Sure when the kids get older and can almost master a task we sign them up for all kinds of household chores. But what have we done when they were little to provide them some practice and experience the feelings of satisfaction when they have been allowed to help someone? Heck, yesterday even when my nine-year-old (no spring chicken) daughter asked me if I needed help putting away the groceries, I had to bite back the “No, thank you” at the tip of my tongue and allow the “Yes, please, I’d love your help” to emerge. Why is my knee-jerk response still a “No”? I reflected on what my initial thought was as she angelically uttered those words that we think us parents want to hear often, yet time and time again tend to reject. We think, “I need to get dinner started and she will ask me where half the stuff goes anyway. I might as well get it done more quickly myself.” Yet that initial thought chain does not support my long term goal of instilling helpfulness, thoughtfulness, kindness and even philanthropy in my daughter.
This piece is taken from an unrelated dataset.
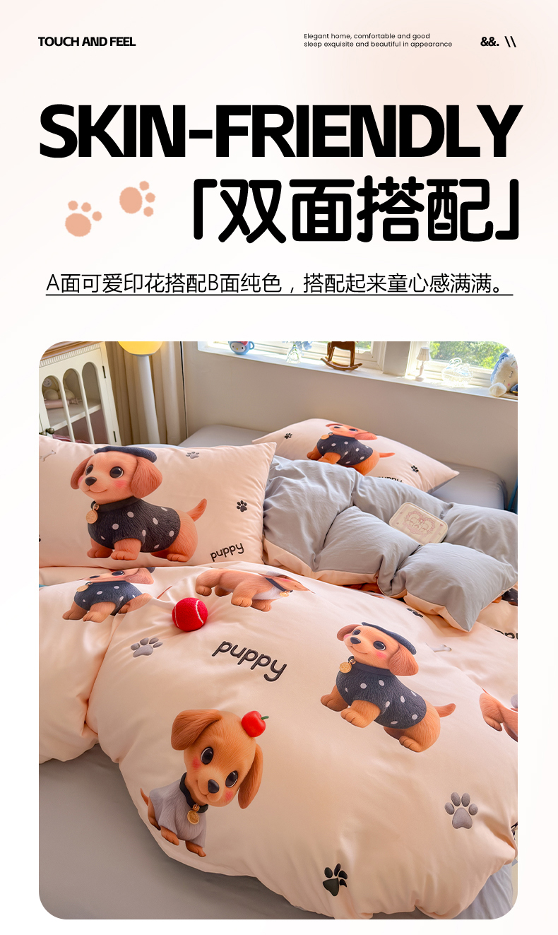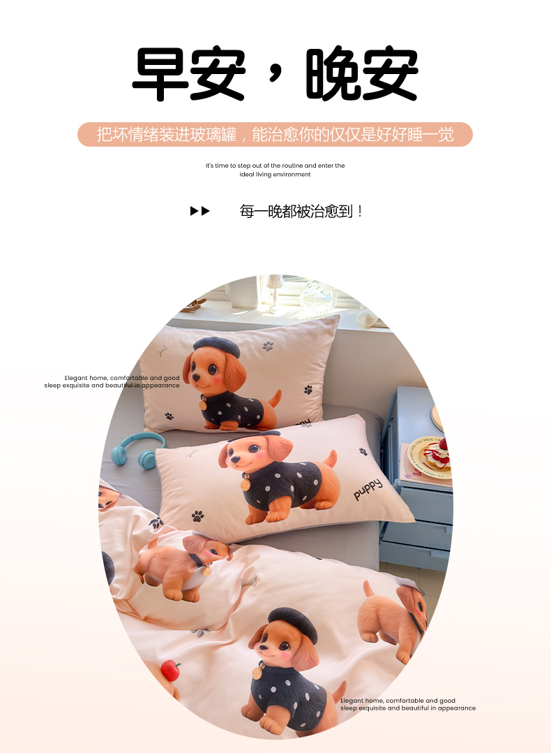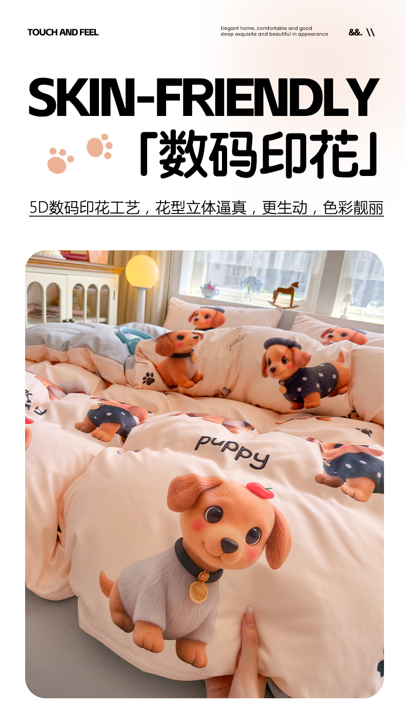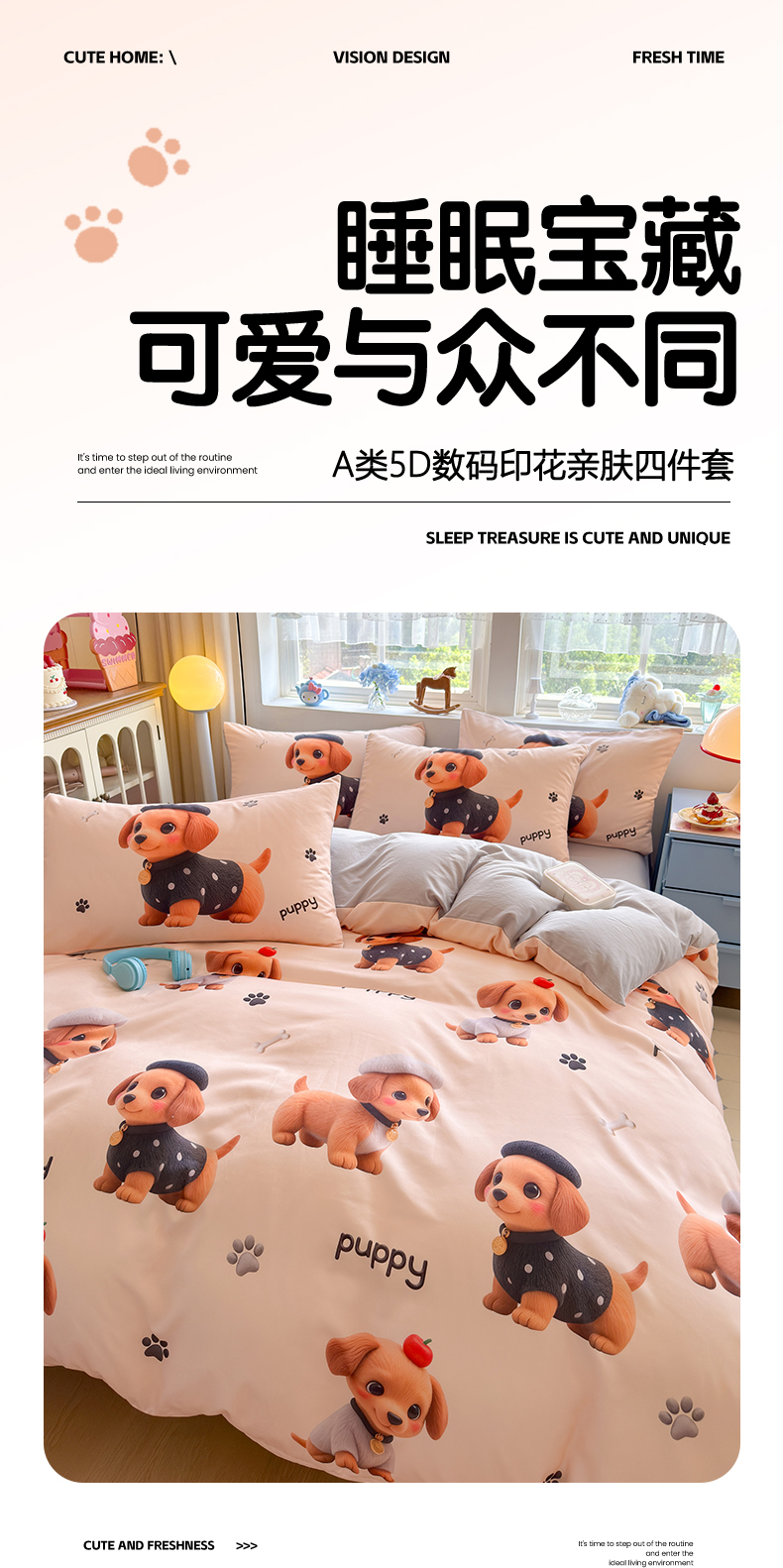 当前位置: 91家纺网 > 商品网购 > 床品套件 > 四件套 > 其它四件套 > 优卡迪家纺馆 2025新款110克5D数码印花四件套 呆萌狗狗

After she and I finished putting everything away, which probably took 37 seconds longer with her aid, I sincerely thanked her for kindly offering to help me and pointed out how much more fun it was tackling the job together. She grinned from ear to ear, feeling proud of herself, knowing her actions, however small, can have an impact on others and induce a warm feeling of satisfaction within her. Without missing a beat, her next offer followed, “Can I help you make dinner?”

Note to self this Summer: Let our children experience our true love and devotion by allowing them to contribute in their 'imperfect' way. Ask for help from our kids often, even when we don't need it, and always accept assistance from them although their 'helpfulness' is more work for us right now. The job that tests our ability to delay gratification will pay off with less work some years down the line. Sigh! Yes, good parents, we are frequently talking years!